→ **What to do**
Return the data below exactly as given, except for the images.

→ **Entries shown**
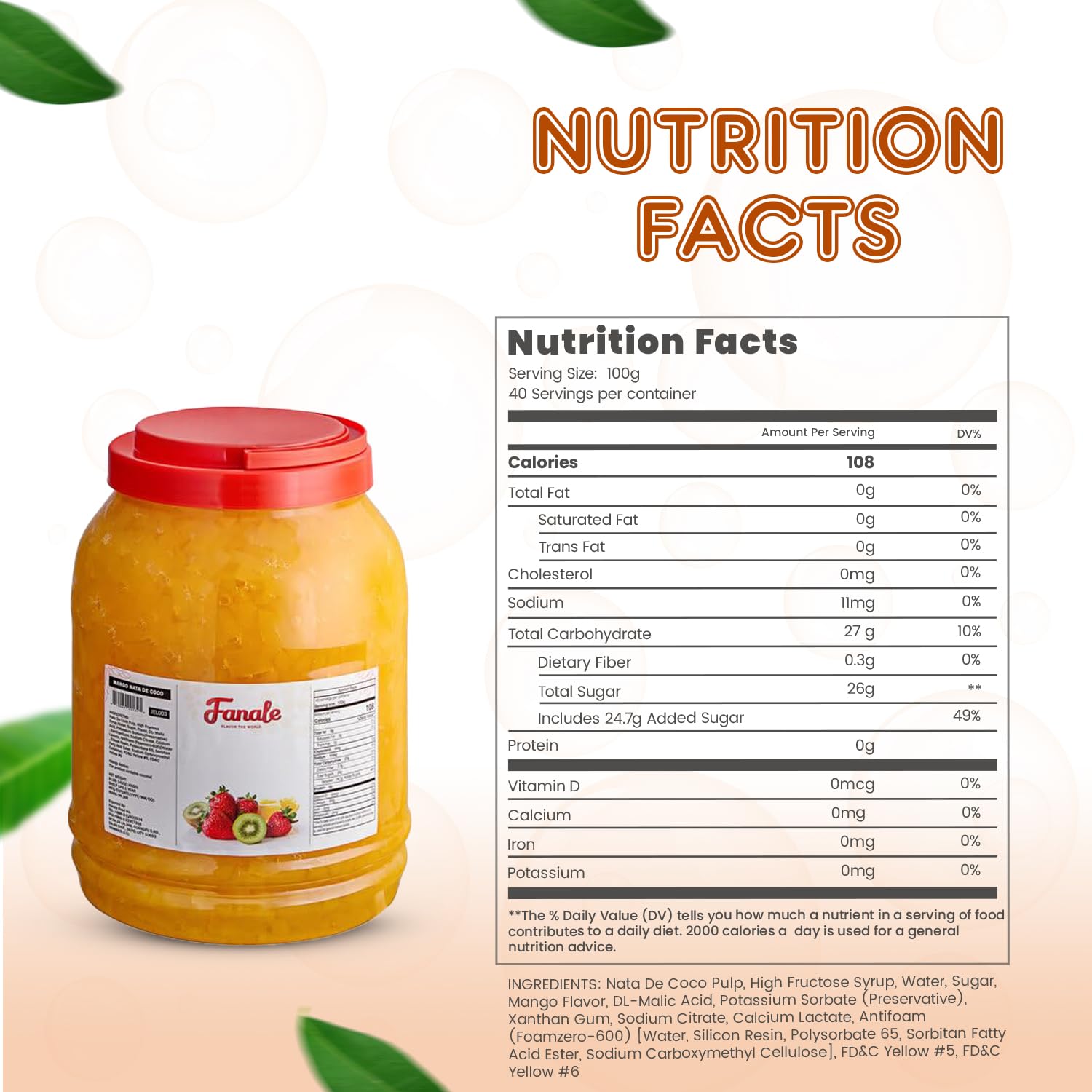 Fanale Coconut Jelly Topping nata de coco for Bubble Tea 8.3 lb | Mango Jelly | for Boba Tea, Smoothies, Slushes, Desserts | 8.3lb | JEL003
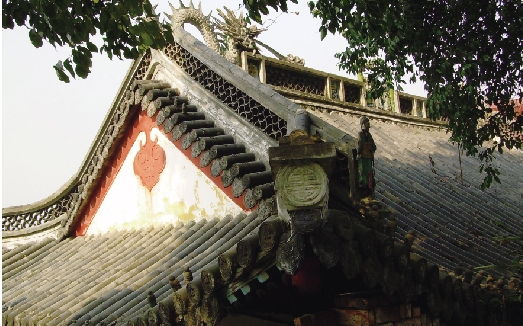 大殿朝南,三间,中间坐庄济圣王,左间是万寿宫,右间未坐神位。全殿金碧辉煌。两边柱上有一楹联写:“示筏三港救困济贫千秋颂德,成神凤翔护国惠民万世流芳。”道出了庄济圣王的身世功德和百姓的永远纪念。从大殿的东面门出去是香房,墙壁上安一香炬,下框浮雕双龙祥云,十分逼真,上部刻有“康熙戊戌仲冬吉旦”八字,属前清文物,十分珍贵。大殿屋面宫殿歇山式,高屋脊,两端塑双龙喷水,中塑福、禄、寿三星,嵌“国泰民安”四字。圆筒瓦、檐头上置圆形虎头瓦,下挂叶形寿字滴水瓦。整个屋面融铸道教的教理教义,显得庄严肃穆。
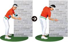壁の角や太い柱の前に立ち、右ヒジを曲げて右手のヒラを壁に当ててアドレス姿勢をとったら、インパクトするイメージで動きましょう。腕で押している人はインパクトが点になっています。
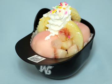 サブロー選手の出身地・岡山の特産品である「桃」を使用したパフェです。
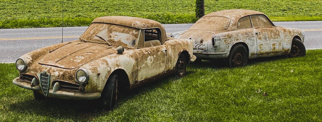 Sepolte vive. La storia è il classico caso di sepoltura prematura, in attesa di resurrezione. Il proprietario originale della piccola collezione di Alfa Romeo era passato a miglior vita 40 anni fa e l’erede, tutt’altro che appassionato, si era limitato a darle riparo sotto un tetto di assi di legno, in attesa di decidere cosa farne. Durante tutto questo tempo, le cinque Alfa Romeo sono state lasciate a marcire. Ignare di Internet, del Nine-Eleven, del mondo che cambiava. Potete immaginare quindi la piacevole sorpresa quando gli scout si sono ritrovati al cospetto di una Giulia del 1967, una 1750 Berlina del 1969 e un’Alfetta GT del ’76. Tutte bianche, l’una accanto all’altra in condizioni di abbandono, ma quasi complete. La scoperta migliore però è avvenuta in un prefabbricato di compensato proprio accanto: il vero tesoretto era nascosto lì dentro. Una coppia di Giulietta, una Sprint e una Spider, entrambe del 1959 e con targa della California, attraversarono il Grande Paese più di 40 anni fa. Terminato il viaggio, la chiavetta dell’accensione non fu più girata.
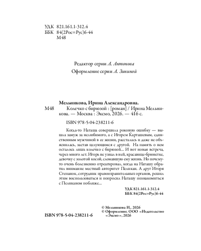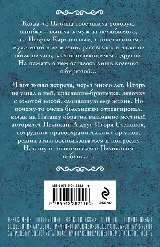 💳 Оплатить за товар можно при получении 🇰🇿 Есть бесплатная доставка по Казахстану от 1 дня 🎁 Копите бонусы с каждой покупки Серия: Любовь, интрига, тайна. Новое оформление (обложка) Когда-то Наташа совершила роковую ошибку — вышла замуж за нелюбимого, а с Игорем Карташевым, единственным мужчиной в ее жизни, рассталась и даже не объяснилась, застав целующимся с другой. На память о нем осталось лишь колечко с бирюзой... И вот новая встреча, через много лет. Игорь не узнал в ней, красавице-брюнетке, девочку с золотой косой, сломавшую ему жизнь. Но почему-то очень болезненно отреагировал, когда на Наташу обратил внимание местный авторитет Пеликан. А друг Игоря Степанок, сотрудник правоохранительных органов, решил этим воспользоваться и попросил Наташу познакомиться с Пеликаном поближе... |
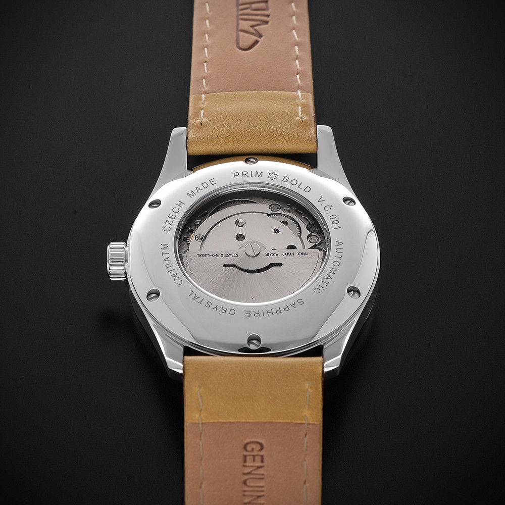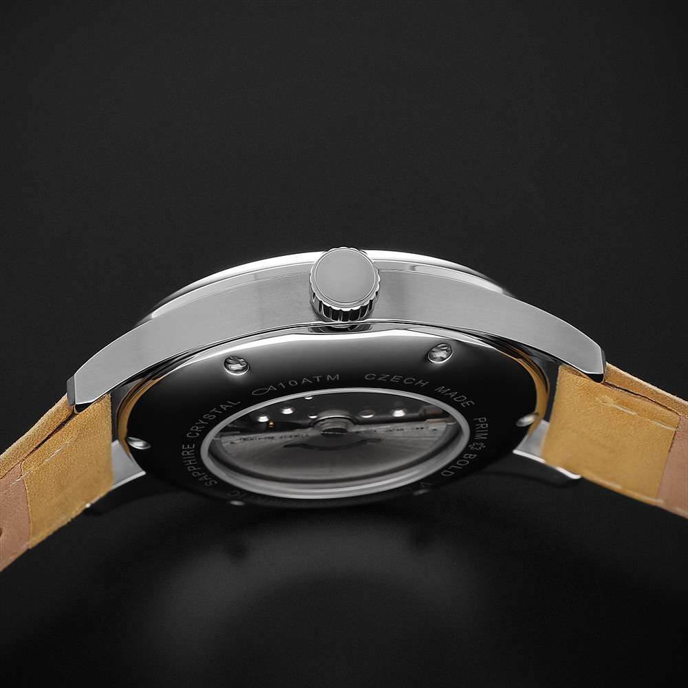 • Funkce a popis:Čas, datum, mechanický strojek s automatickým nátahem Japan Miyota 8215 (21 kamenových uložení) = rezerva chodu až 42 hodin, polokmity setrvačky 21.600/h (3 Hz) = přesnost chodu (diference) 4 - 7 vteřin denně, automatický nátah (hodinky se natahují pohybem ruky) + ruční nátah (hodinky lze natáhnout/dotáhnout dle potřeby i ručně korunkou), zapínání - klasická trnová spona (přezka), průhledné zadní víčko pro náhled na strojek
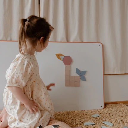 Magnetic Puzzle is een boeiende puzzelset bestaande uit 48 stukjes met diverse vormen en kleuren, voorzien van een magnetische onderzijde. Deze set stimuleert kinderen niet alleen om te puzzelen en de leukste dieren en voertuigen te maken volgens hun verbeelding, maar biedt ook een ontdekkingsreis in de wereld van magnetisme. Ideaal voor het ontwikkelen van puzzelvaardigheden en het prikkelen van de verbeelding terwijl kinderen leren over de kracht van magneten."
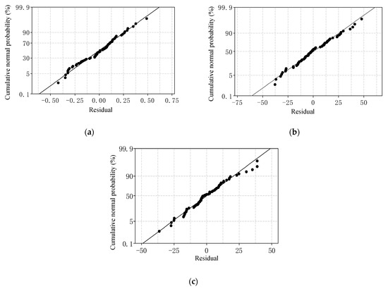 Normal probability plot of residuals for regression models: (a) normal probability plot of residuals for the material removal rate model; (b) normal probability plot of residuals for the machining width model; (c) normal probability plot of residuals for the machining depth model.
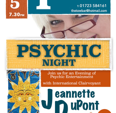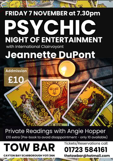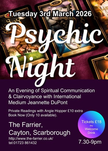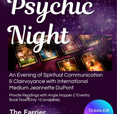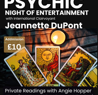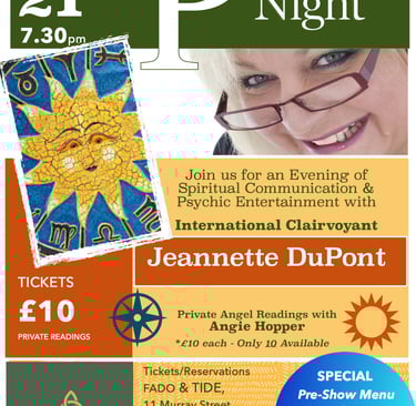There is a welcome glass of champagne for a;; those attending; and along with a 90 minute public demonstration with Jeannette, guests can also book a 10 min private reading with her colleague Angie Hopper to be held simultaniously.
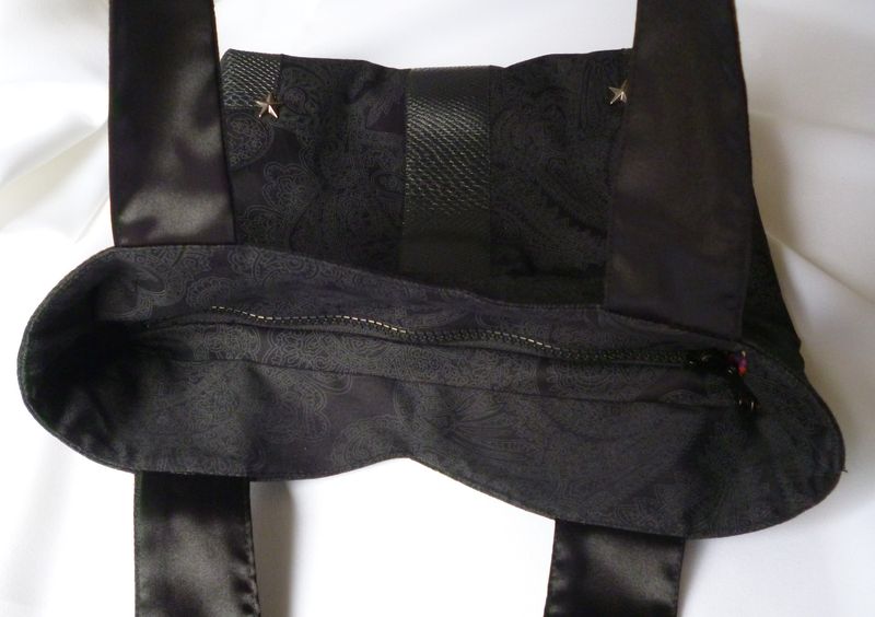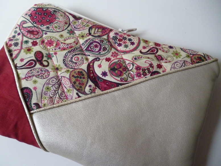 Les détails que j’ai appréciés : le design bien sûr, le matelassage de la pochette, la pose de passepoil doré, la fermeture éclair posée en courbe (pas du tout évidente à poser…) :

→ **Exercise answer**
 Fanale Coconut Jelly Topping nata de coco for Bubble Tea 8.3 lb | Mango Jelly | for Boba Tea, Smoothies, Slushes, Desserts | 8.3lb | JEL003
 大殿朝南,三间,中间坐庄济圣王,左间是万寿宫,右间未坐神位。全殿金碧辉煌。两边柱上有一楹联写:“示筏三港救困济贫千秋颂德,成神凤翔护国惠民万世流芳。”道出了庄济圣王的身世功德和百姓的永远纪念。从大殿的东面门出去是香房,墙壁上安一香炬,下框浮雕双龙祥云,十分逼真,上部刻有“康熙戊戌仲冬吉旦”八字,属前清文物,十分珍贵。大殿屋面宫殿歇山式,高屋脊,两端塑双龙喷水,中塑福、禄、寿三星,嵌“国泰民安”四字。圆筒瓦、檐头上置圆形虎头瓦,下挂叶形寿字滴水瓦。整个屋面融铸道教的教理教义,显得庄严肃穆。
壁の角や太い柱の前に立ち、右ヒジを曲げて右手のヒラを壁に当ててアドレス姿勢をとったら、インパクトするイメージで動きましょう。腕で押している人はインパクトが点になっています。
 サブロー選手の出身地・岡山の特産品である「桃」を使用したパフェです。
 Sepolte vive. La storia è il classico caso di sepoltura prematura, in attesa di resurrezione. Il proprietario originale della piccola collezione di Alfa Romeo era passato a miglior vita 40 anni fa e l’erede, tutt’altro che appassionato, si era limitato a darle riparo sotto un tetto di assi di legno, in attesa di decidere cosa farne. Durante tutto questo tempo, le cinque Alfa Romeo sono state lasciate a marcire. Ignare di Internet, del Nine-Eleven, del mondo che cambiava. Potete immaginare quindi la piacevole sorpresa quando gli scout si sono ritrovati al cospetto di una Giulia del 1967, una 1750 Berlina del 1969 e un’Alfetta GT del ’76. Tutte bianche, l’una accanto all’altra in condizioni di abbandono, ma quasi complete. La scoperta migliore però è avvenuta in un prefabbricato di compensato proprio accanto: il vero tesoretto era nascosto lì dentro. Una coppia di Giulietta, una Sprint e una Spider, entrambe del 1959 e con targa della California, attraversarono il Grande Paese più di 40 anni fa. Terminato il viaggio, la chiavetta dell’accensione non fu più girata.
 💳 Оплатить за товар можно при получении 🇰🇿 Есть бесплатная доставка по Казахстану от 1 дня 🎁 Копите бонусы с каждой покупки Серия: Любовь, интрига, тайна. Новое оформление (обложка) Когда-то Наташа совершила роковую ошибку — вышла замуж за нелюбимого, а с Игорем Карташевым, единственным мужчиной в ее жизни, рассталась и даже не объяснилась, застав целующимся с другой. На память о нем осталось лишь колечко с бирюзой... И вот новая встреча, через много лет. Игорь не узнал в ней, красавице-брюнетке, девочку с золотой косой, сломавшую ему жизнь. Но почему-то очень болезненно отреагировал, когда на Наташу обратил внимание местный авторитет Пеликан. А друг Игоря Степанок, сотрудник правоохранительных органов, решил этим воспользоваться и попросил Наташу познакомиться с Пеликаном поближе... |
 • Funkce a popis:Čas, datum, mechanický strojek s automatickým nátahem Japan Miyota 8215 (21 kamenových uložení) = rezerva chodu až 42 hodin, polokmity setrvačky 21.600/h (3 Hz) = přesnost chodu (diference) 4 - 7 vteřin denně, automatický nátah (hodinky se natahují pohybem ruky) + ruční nátah (hodinky lze natáhnout/dotáhnout dle potřeby i ručně korunkou), zapínání - klasická trnová spona (přezka), průhledné zadní víčko pro náhled na strojek
 Magnetic Puzzle is een boeiende puzzelset bestaande uit 48 stukjes met diverse vormen en kleuren, voorzien van een magnetische onderzijde. Deze set stimuleert kinderen niet alleen om te puzzelen en de leukste dieren en voertuigen te maken volgens hun verbeelding, maar biedt ook een ontdekkingsreis in de wereld van magnetisme. Ideaal voor het ontwikkelen van puzzelvaardigheden en het prikkelen van de verbeelding terwijl kinderen leren over de kracht van magneten."
 Normal probability plot of residuals for regression models: (a) normal probability plot of residuals for the material removal rate model; (b) normal probability plot of residuals for the machining width model; (c) normal probability plot of residuals for the machining depth model.
There is a welcome glass of champagne for a;; those attending; and along with a 90 minute public demonstration with Jeannette, guests can also book a 10 min private reading with her colleague Angie Hopper to be held simultaniously.
 Les détails que j’ai appréciés : le design bien sûr, le matelassage de la pochette, la pose de passepoil doré, la fermeture éclair posée en courbe (pas du tout évidente à poser…) :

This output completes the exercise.